A dictation container is created by passing it a sequence of words as recognized by the backend SR engine. Each word must be a Unicode string.

Parameters:
  • words (sequence-of-unicode) – A sequence of Unicode strings.
  • methods (list-of-triples) – Tuples describing string methods to call on the output.
apply_methods(joined_words)[source]

Apply any string methods called on the Dictation object to a given string.

Called during format().

format()[source]

Format and return this dictation as a Unicode object.

words

Sequence of the words forming this dictation.

Engine timer classes

Multiplexing interface to a timer

class Timer(function, interval, manager, repeating=True)[source]

Timer class for calling a function every N seconds.

Constructor arguments:

  • function (callable) – the function to call every N seconds. Must have no required arguments.
  • interval (float) – number of seconds between calls to the function. Note that this is on a best-effort basis only.
  • manager (TimerManagerBase) – engine timer manager instance.
  • repeating (bool) – whether to call the function every N seconds or just once (default: True).

Instances of this class are normally initialised from engine.create_timer().

call()[source]

Call the timer’s function.

This method is normally called by the timer manager.

start()[source]

Start calling the timer’s function on an interval.

This method is called on initialisation.

stop()[source]

Stop calling the timer’s function on an interval.

class TimerManagerBase(interval, engine)[source]

Base timer manager class.

_activate_main_callback(callback, msec)[source]

Virtual method to implement to start calling main_callback() on an interval.

_deactivate_main_callback()[source]

Virtual method to implement to stop calling main_callback() on an interval.

add_timer(timer)[source]

Add a timer and activate the main callback if required.

disable()[source]

Method to disable execution of the main timer callback.

This method is used for testing timer-related functionality without race conditions.

enable()[source]

Method to re-enable the main timer callback.

The main timer callback is enabled by default. This method is only useful if disable() is called.

main_callback()[source]

Method to call each timer’s function when required.

remove_timer(timer)[source]

Remove a timer and deactivate the main callback if required.

class ThreadedTimerManager(interval, engine)[source]

Timer manager class using a daemon thread.

This class is used by the “text” engine. It is only suitable for engine backends with no recognition loop to execute timer functions on.

Warning

The timer interface is not thread-safe.

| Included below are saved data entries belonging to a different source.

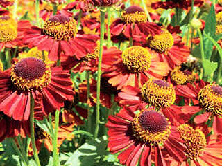 | Trvalkový záhon s většími skupinami odrůd zápleváků (Helenium). Takový typ výsadby vyžaduje nevysychavou půdu nebo pravidelnou závlahu. |
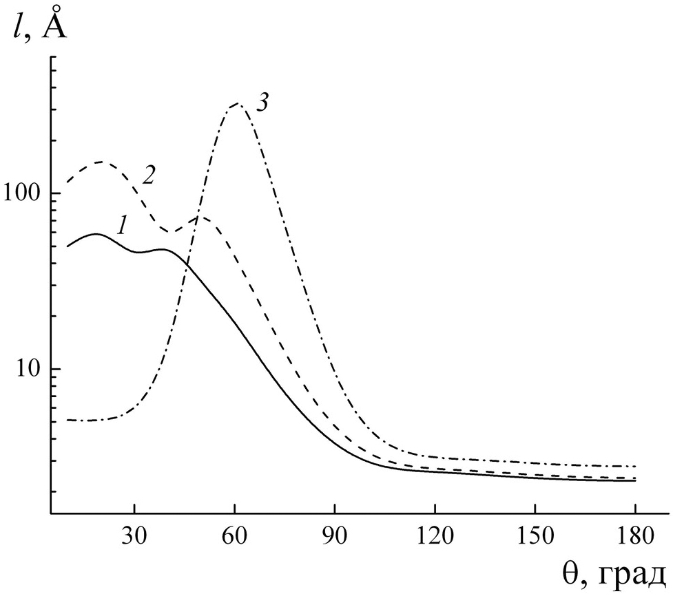 Используя зависимость dmin(Ee), можно оценить среднюю длину траектории электрона l(E, θ) – от места его рождения в ионизационном столкновении до момента его замедления (Ee = Emin). Эту величину можно вычислить путем усреднения по спектру электронов при угле вылета θ:
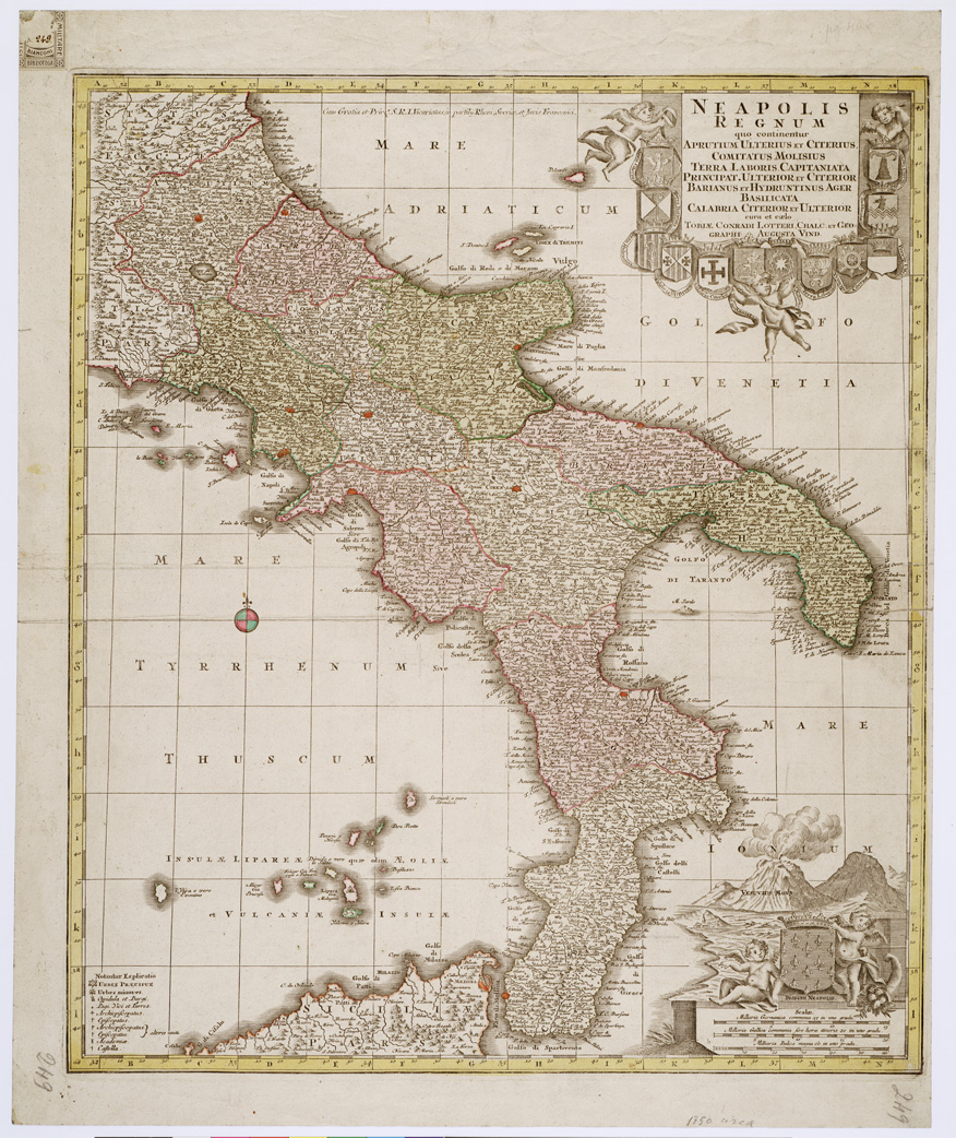 "...COMITATUS MOLISIUS TERRA LABORIS CAPITANATA PRINCIPAT. ULTERIOR ET CITERIOR BARIANUS ET HYDRUNTINUS AGER BASILICATA CALABRIA CITERIOR ET ULTERIOR CURA ET CAELO TOBIAE CONRADI LOTTERI, CHALC ET GEOGRAPHI AUGUSTA VIND. CUM GRATIA ET PRIV. S. R. I. VICARATIUS IN PARTIB. RHENI, SVEVIAE ET JURIS FRANCONICI. (s. d.) Incisione su rame in foglio unico. Orografia prospettica a monticelli. Abitati principali rappresentati in pianta e riempiti in rosso. Manca la rete stradale. Territori e confini politici a colori. In basso a sinistra la leggenda dei segni convenzionali. Cfr. ARRIGONI E BERTARELLI, Le carte geografiche dell'Italia ecc., n. 2255. Cfr. anche la carta al n° d'inv. 2216 Neapolis Regnum quo continentur aprutium ecc. 1730 circa."

Use the enable() and disable() methods if you need finer control over timer function execution.

class DelegateTimerManager(interval, engine)[source]

Timer manager class that calls main_callback() through an engine-specific callback function.

Engines using this class should implement the methods in DelegateManagerInterface.

This class is used by the SAPI 5 engine.

class DelegateTimerManagerInterface[source]

DelegateTimerManager interface.

set_timer_callback(callback, sec)[source]

Method to set the timer manager’s callback.

Parameters:
  • callback (callable | None) – function to call every N seconds
  • sec (float | int) – number of seconds between calls to the callback function

Multiplexing interface for the CMU Pocket Sphinx engine

class SphinxTimerManager(interval, engine)[source]

Timer manager for the CMU Pocket Sphinx engine.

This class allows running timer functions if the engine is currently processing audio via one of three engine processing methods:

  • process_buffer()
  • process_wave_file()
  • recognise_forever()

Timer functions will run whether or not recognition is paused (i.e. in sleep mode).

Note: long-running timers will block dragonfly from processing what was said, so be careful with how you use them! Audio frames will not normally be dropped because of timers, long-running or otherwise.

Normal threads can be used instead of timers if desirable. This is because the main recognition loop is done in Python rather than in C/C++ code, so there are no unusual multi-threading limitations.